Battersea Power Station once generated nearly a fifth of London’s power. It must have hummed and clanked almost as much as it does today while its transformation proceeds noisily.
Graphic prints of it are two a penny across the capital, but I’m fond of them because the power station is my near neighbour. I still thrill to glimpse it framed by rows of Victorian semis, especially now that the new chimneys are lit dramatically at night, red crane lights dotted about them like a spiky ruby crown.
Across the world it has celebrity status, thanks to the cover of Pink Floyd’s 1977 album Animals. The band’s inflatable pink piggy caused more bother than the protesters’ Trump blimp, becoming untethered and drifting off to Kent, alarming pilots along the way. Morrissey and Elton John played concerts here. The Dark Knight and The King’s Speech used it as a dramatic backdrop.
It might not look quite so rock’n’roll when it’s cleaned up, shiny, new and filled with the very well-off. There was not much good in it languishing on the river crumbling quietly, but it’s a shame that from most angles it lurks behind glass developments.
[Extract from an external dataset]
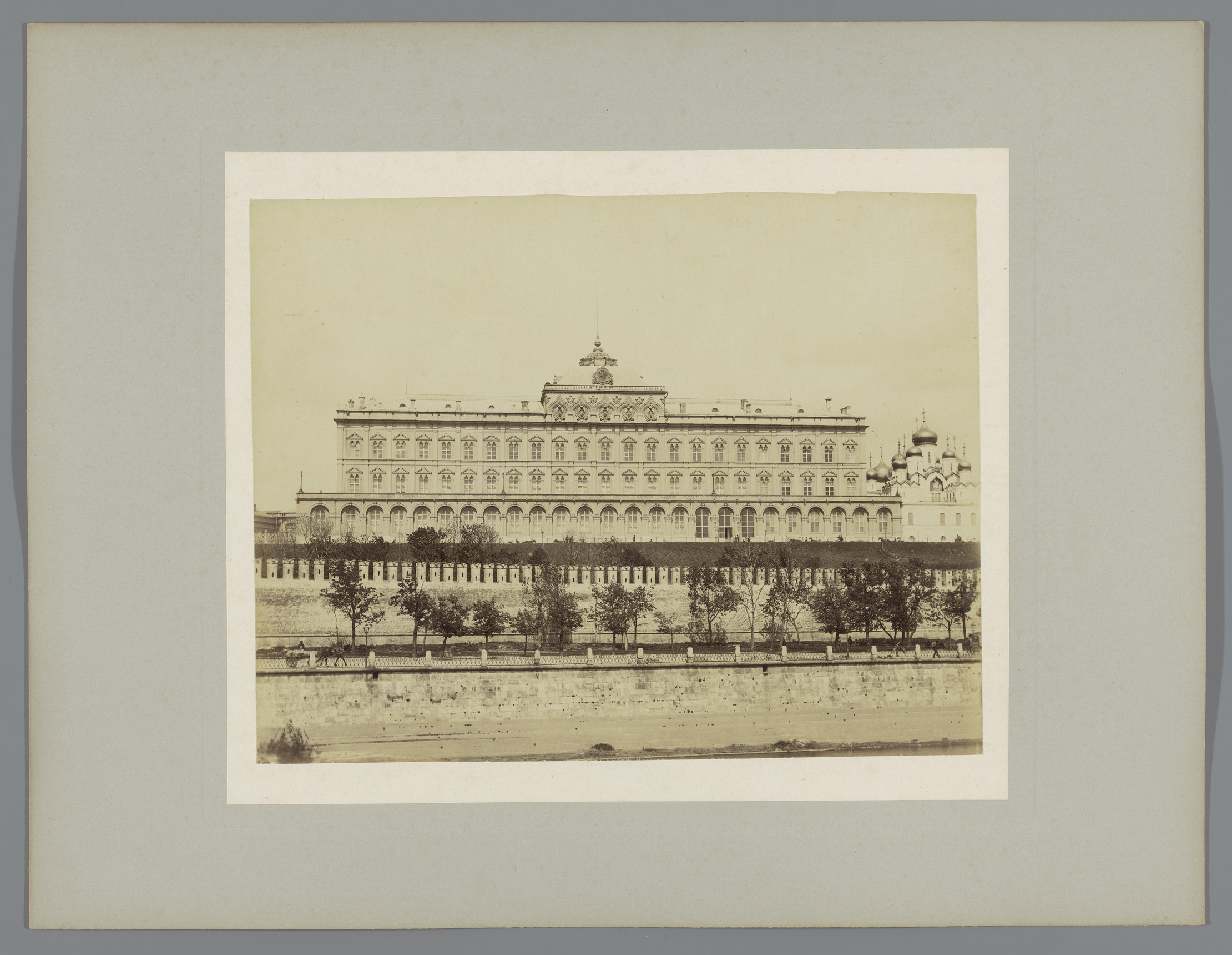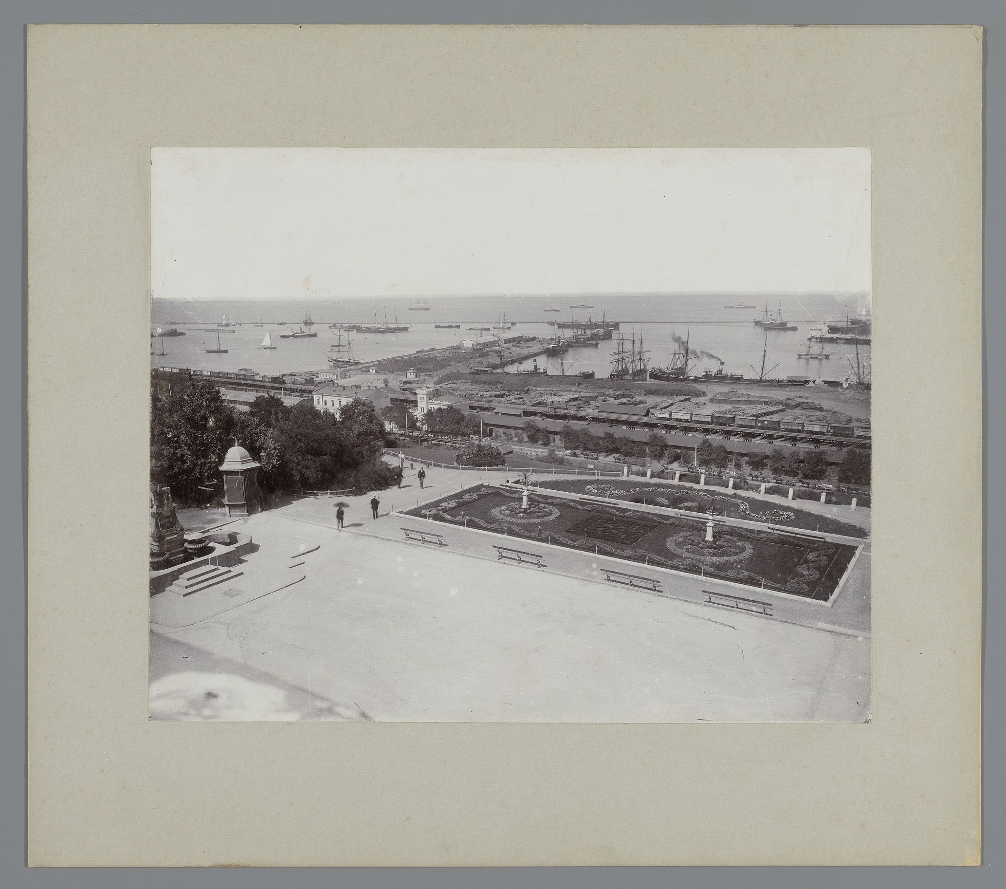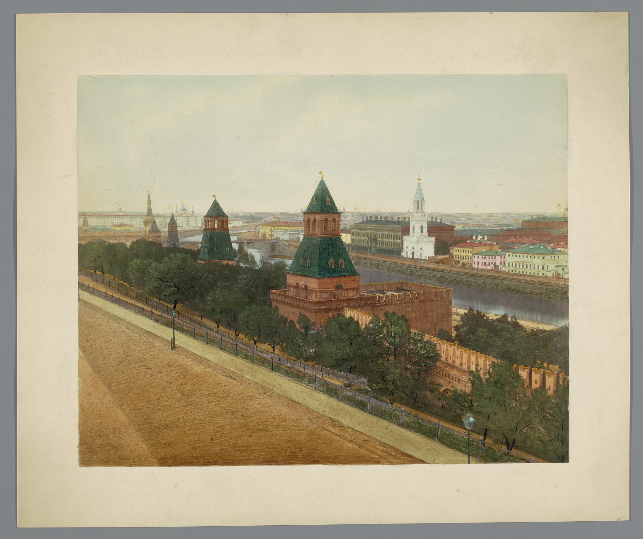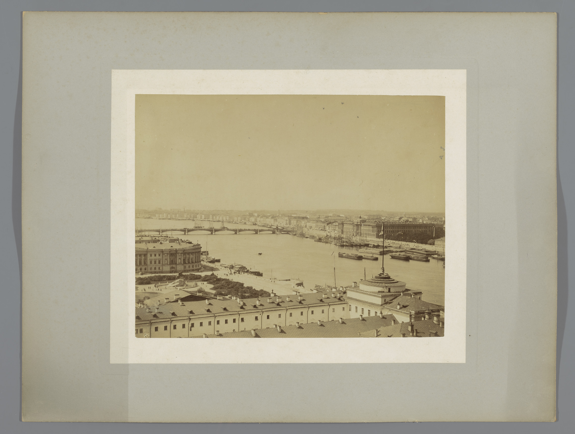 Gebouwen aan een haven in Rusland, mogelijk in Sint-...

On a recent visit I was intrigued to discover it’s a building of two halves. ‘A’ Station, the western half, was completed in 1935 and ‘B’ Station, the eastern half, in 1955. Once inside, you can see the difference. A is art deco: detailed, decadent. The interior attracted visitors and, in 1939, the station was voted Britain’s second favourite modern building after Peter Jones on Sloane Square, only three bus stops away. The 1950s front is more functional, its tiling square and white. ‘A’ Station was decommissioned in 1975, followed by ‘B’ Station in 1983, but the stripped-out shell retained a melancholy grandeur.
Sir Giles Gilbert Scott (1880-1960), creator of our beloved red telephone boxes, was brought in to make J Theo Halliday’s original exterior design more appealing. He introduced flourishes inspired by Ancient Greece — the chimneys are Doric columns with vertical fluting — while the towers echo New York’s art deco skyscrapers. Scott’s brickwork envelope made from a whopping six million bricks was hailed as a triumph by Architect and Building News.
It’s still one of the biggest brick buildings in Europe and is gaspingly vast up close. The boiler house is so massive, St Paul’s would fit inside with space to spare. Now a road has been constructed around its southern edge, you can peer in at its exposed insides.
The closest I’d got before was at an outdoor showing of Reservoir Dogs on the riverside next door. Three of us sat in a downpour with the whiff of rubbish on the breeze. Things have improved hugely since then. Now you can dine alongside it in glitzy restaurants and admire the chauffeur-driven Bentleys parked up for the evening. The vision for the finished power station is fantastical. There’s going to be a glass lift to funnel visitors up to the top like Roald Dahl’s Great Glass Elevator, the enormous underground coal store will become an energy centre and London’s largest roof gardens, more than a quarter of a mile long, will rival New York’s High Line.
It’s exciting to see it returned to life but a bit of me can’t help feeling sad about that great big powerhouse which no longer serves its purpose.